Barry: Digital strategies are important, but some like Jasper Visser raise concerns about whether those will lead to or stymie innovation. He has said “most visionary ideas … were epiphanies under pressure, not the outcome of our structured process.” He wants to bring radical innovation into museums, but is concerned that bureaucratic committees processes will quash that. In developing the report did you learn anything about how museums are threading that needle?
I am not sure I share his full perspective, and offer the iPhone and indeed mobile phones in general as examples. But I do very much agree that inertia tends to make us less innovative, and we are more likely to come up with incremental ideas than revolutionary ideas, for all sort of reasons. I also agree that structured processes are more likely to favor incremental ideas than others.
I think museums thread that needle the way all organizations do, and the eye of that needle is smaller in organizations that tend to centralize idea generation. Where the eye is a bit larger, though, and innovation is encouraged to flourish on the ground, at the grassroots level, that is where we see ideas coming from. Each of the projects we feature in the report has someone at the center with a good idea, others who help him or her realize it, and leadership that allows and encourages it. All of those elements are needed, in roughly equal doses.
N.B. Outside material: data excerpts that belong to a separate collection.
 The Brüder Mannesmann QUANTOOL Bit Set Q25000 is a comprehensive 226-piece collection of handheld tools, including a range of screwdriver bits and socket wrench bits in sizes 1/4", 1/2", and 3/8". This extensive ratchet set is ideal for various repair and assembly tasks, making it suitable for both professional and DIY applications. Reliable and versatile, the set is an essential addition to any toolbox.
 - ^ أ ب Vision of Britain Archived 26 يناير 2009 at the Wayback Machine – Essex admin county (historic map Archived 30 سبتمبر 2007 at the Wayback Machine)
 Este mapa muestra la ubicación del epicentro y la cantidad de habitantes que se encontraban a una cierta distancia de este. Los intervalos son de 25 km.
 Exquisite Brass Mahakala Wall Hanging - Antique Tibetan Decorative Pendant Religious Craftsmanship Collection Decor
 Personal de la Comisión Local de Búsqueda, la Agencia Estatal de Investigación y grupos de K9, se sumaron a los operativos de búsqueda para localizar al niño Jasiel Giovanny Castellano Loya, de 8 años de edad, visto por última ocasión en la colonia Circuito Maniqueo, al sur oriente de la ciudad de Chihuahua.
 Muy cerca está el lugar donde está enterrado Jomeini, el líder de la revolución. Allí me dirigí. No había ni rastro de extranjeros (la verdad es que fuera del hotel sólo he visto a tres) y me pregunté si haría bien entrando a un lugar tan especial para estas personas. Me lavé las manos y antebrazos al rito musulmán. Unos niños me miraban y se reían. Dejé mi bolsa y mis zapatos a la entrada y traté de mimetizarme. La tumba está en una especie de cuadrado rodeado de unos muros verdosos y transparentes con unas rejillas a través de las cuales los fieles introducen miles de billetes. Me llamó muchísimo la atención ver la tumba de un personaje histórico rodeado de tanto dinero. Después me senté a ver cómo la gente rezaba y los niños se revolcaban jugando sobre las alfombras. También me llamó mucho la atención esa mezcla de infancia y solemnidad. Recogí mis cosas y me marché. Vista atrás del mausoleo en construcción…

Barry: As a final question, the Horizon reports frame their predictions on a “one year or less”, “two to three years” and “four to five years” schedule. Has the rate of innovation adoption been consistent over time or do you see it changing – whether speeding up or slowing down? And where do you see museum’s within that frame?
We do not see the rate of innovation being something independent of any particular idea, technique, or technology, but rather completely tied to it. For example, MOOCs have exploded on the scene in the last twelve months, moving from 4-5 years out to right here, right now in less than a year. Augmented reality on the other hand, has been in the 2-3 year timeframe for 3 years with lots of interest, but little movement. The reasons vary — there may not be sufficient demand, or the tools may be too hard or crude, or the interest may be almost viral — but each topic we consider makes it own way to the mainstream, either lingering, exploding, or sometimes not at all.
We see museums at the forefront of the ways technology is applied to informal learning — whether it is a fast or slow moving innovation — you can be sure museums are looking at it somewhere, thinking how it can be applied to interpretation, to learning, or to simply make culture and artifacts more accessible.
We track what museums are thinking about for one simple reason — we know that they are not just preservers of our past, they are also guardians of our future, and can be counted on to be exploring promising tools that might aid their missions, their stories, and their impact.